_Data listing_:
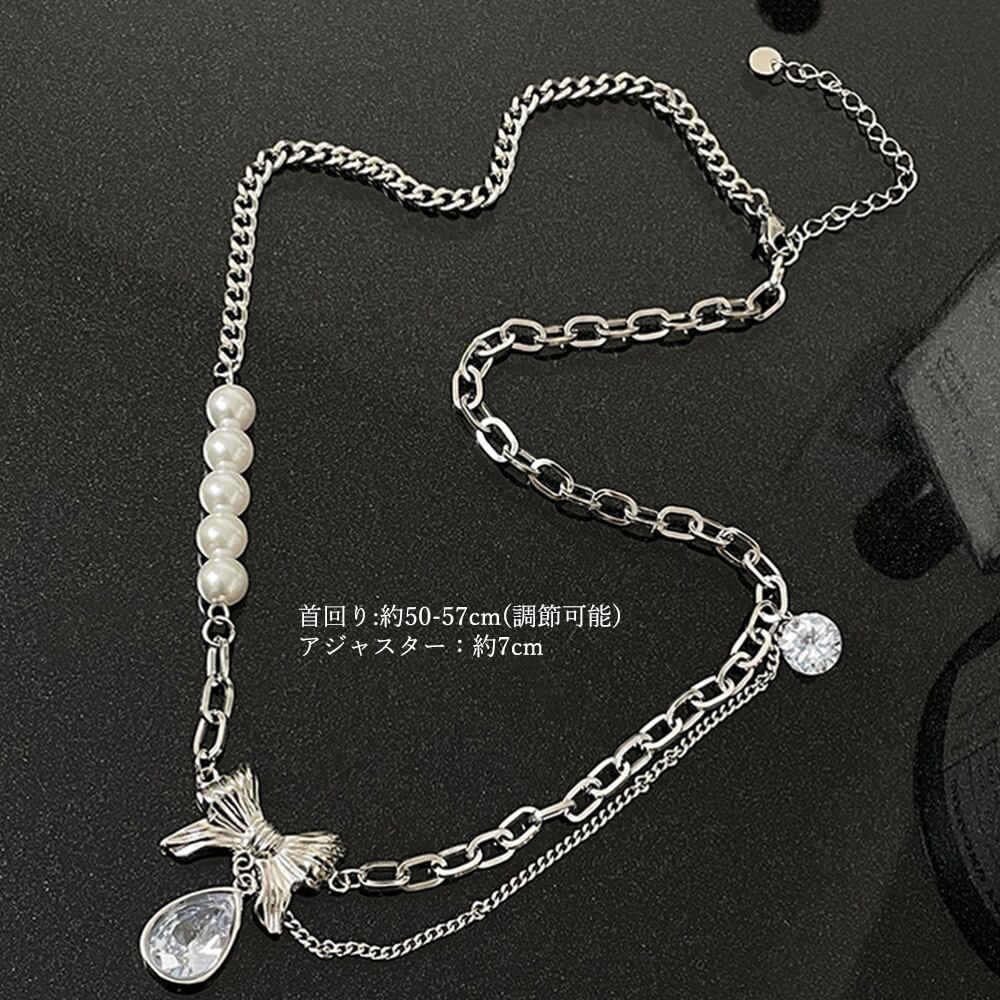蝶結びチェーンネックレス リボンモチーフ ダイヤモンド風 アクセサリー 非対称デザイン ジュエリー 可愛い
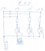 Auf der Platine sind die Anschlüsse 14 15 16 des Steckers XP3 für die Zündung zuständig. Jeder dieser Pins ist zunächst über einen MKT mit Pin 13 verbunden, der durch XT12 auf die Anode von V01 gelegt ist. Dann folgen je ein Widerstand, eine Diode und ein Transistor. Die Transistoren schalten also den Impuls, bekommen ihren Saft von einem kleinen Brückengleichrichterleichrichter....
==
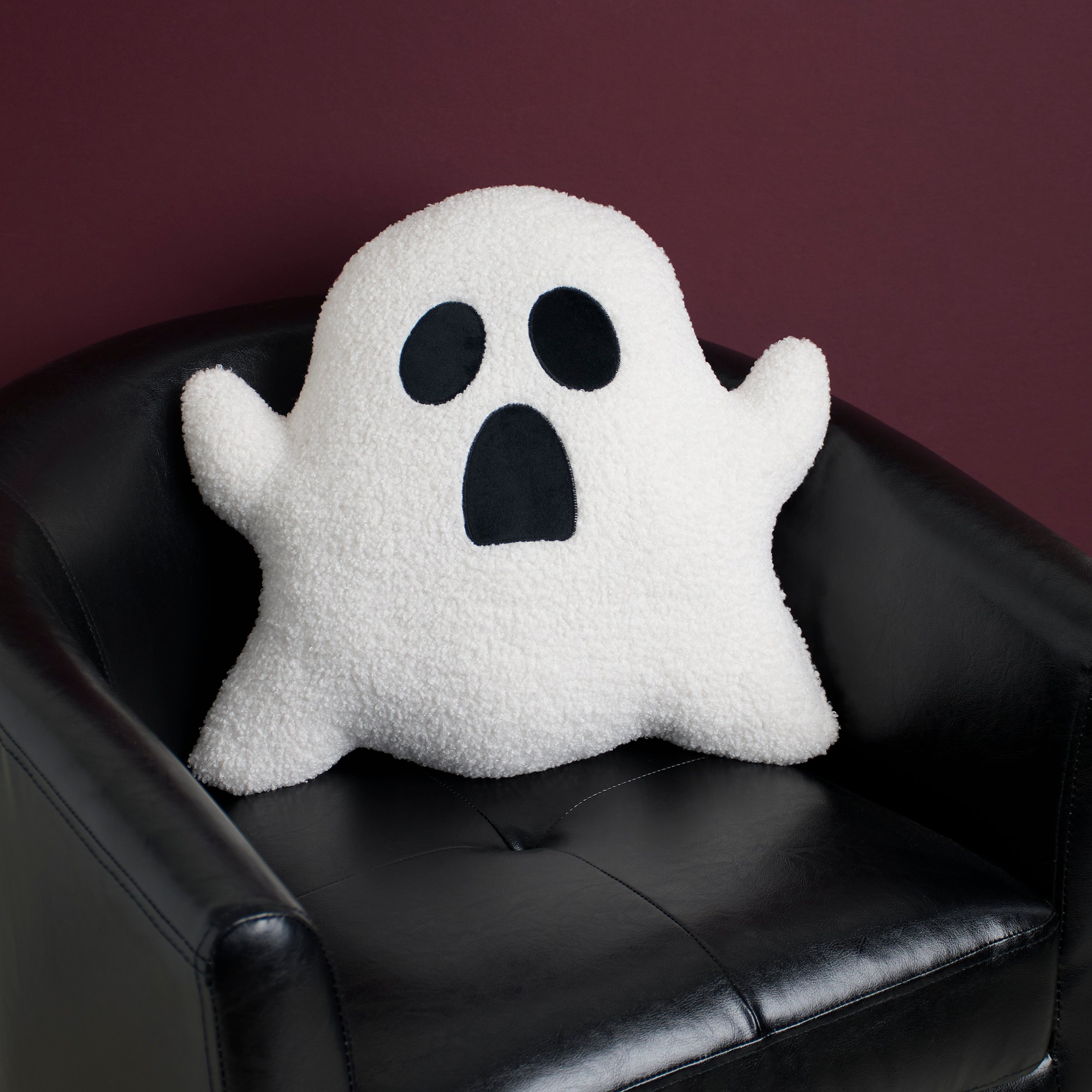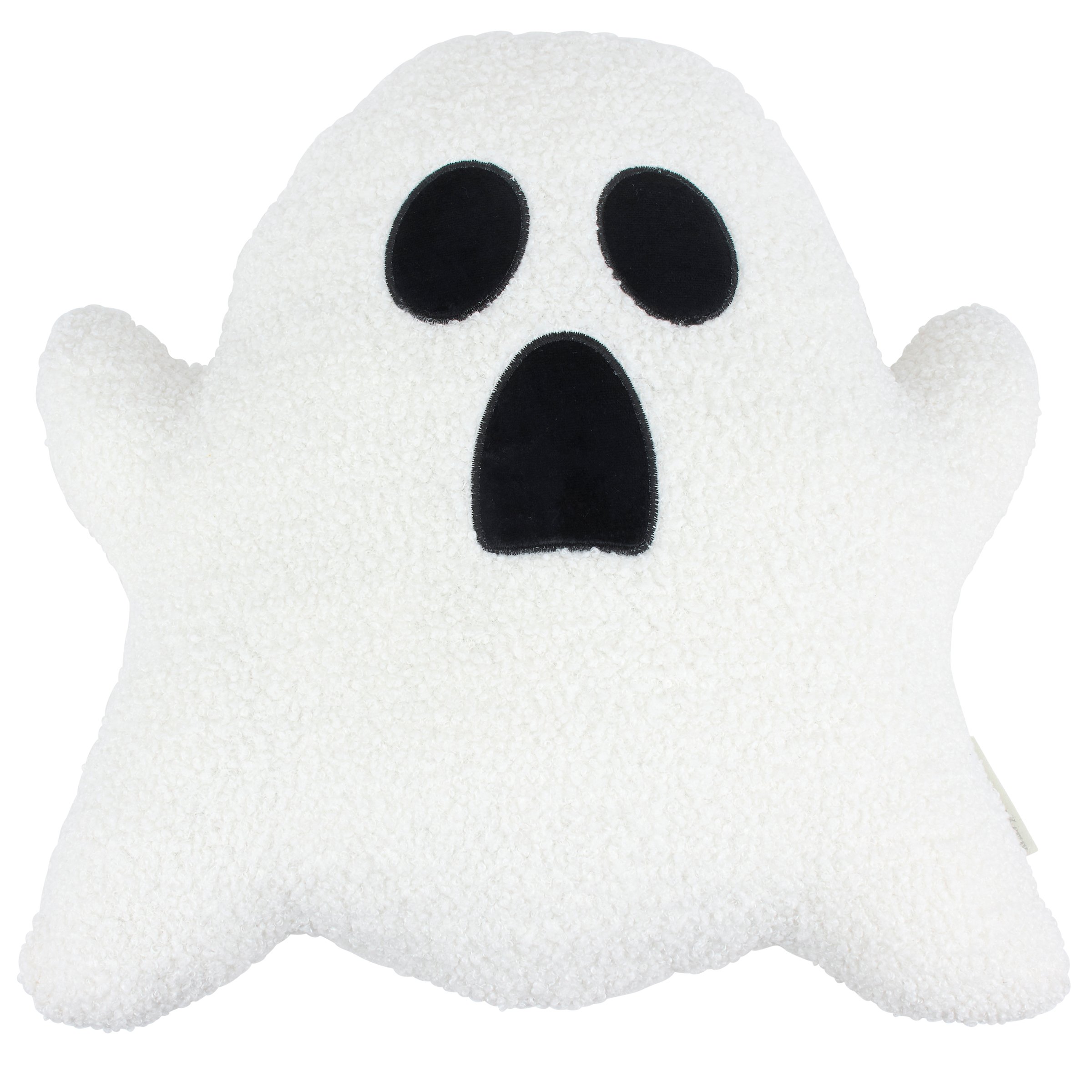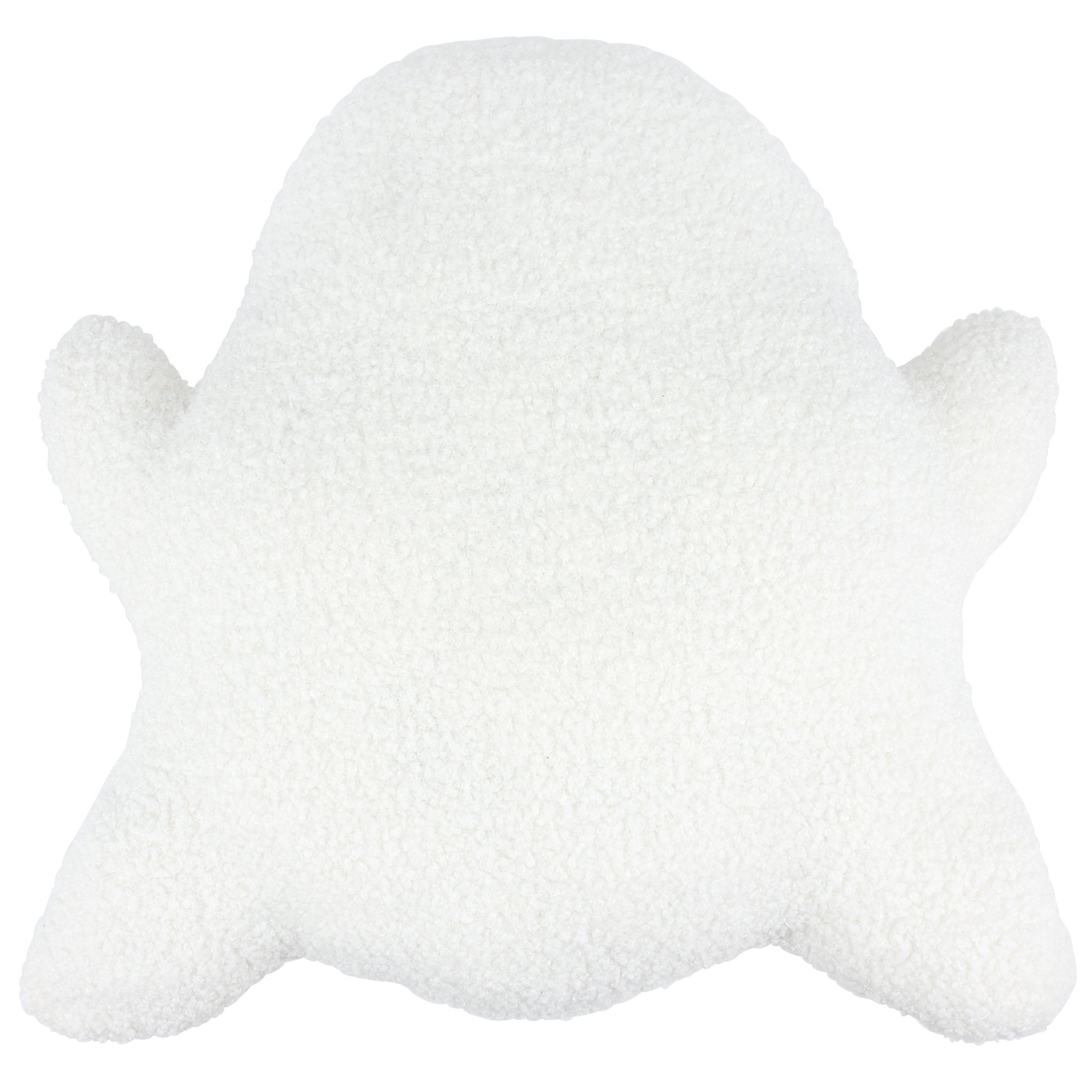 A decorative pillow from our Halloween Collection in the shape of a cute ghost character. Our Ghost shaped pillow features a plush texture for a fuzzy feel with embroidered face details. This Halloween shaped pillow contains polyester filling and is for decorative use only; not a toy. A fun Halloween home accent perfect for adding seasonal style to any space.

_About this task_: Range to copy from the records above: the line containing "蝶結びチェーンネックレス リボンモチーフ ダイヤモンド風" to the line containing "Auf der Platine", both included. Output those lines exactly and only those, skipping pictures.

_Answer space_:
蝶結びチェーンネックレス リボンモチーフ ダイヤモンド風 アクセサリー 非対称デザイン ジュエリー 可愛い
 Auf der Platine sind die Anschlüsse 14 15 16 des Steckers XP3 für die Zündung zuständig. Jeder dieser Pins ist zunächst über einen MKT mit Pin 13 verbunden, der durch XT12 auf die Anode von V01 gelegt ist. Dann folgen je ein Widerstand, eine Diode und ein Transistor. Die Transistoren schalten also den Impuls, bekommen ihren Saft von einem kleinen Brückengleichrichterleichrichter....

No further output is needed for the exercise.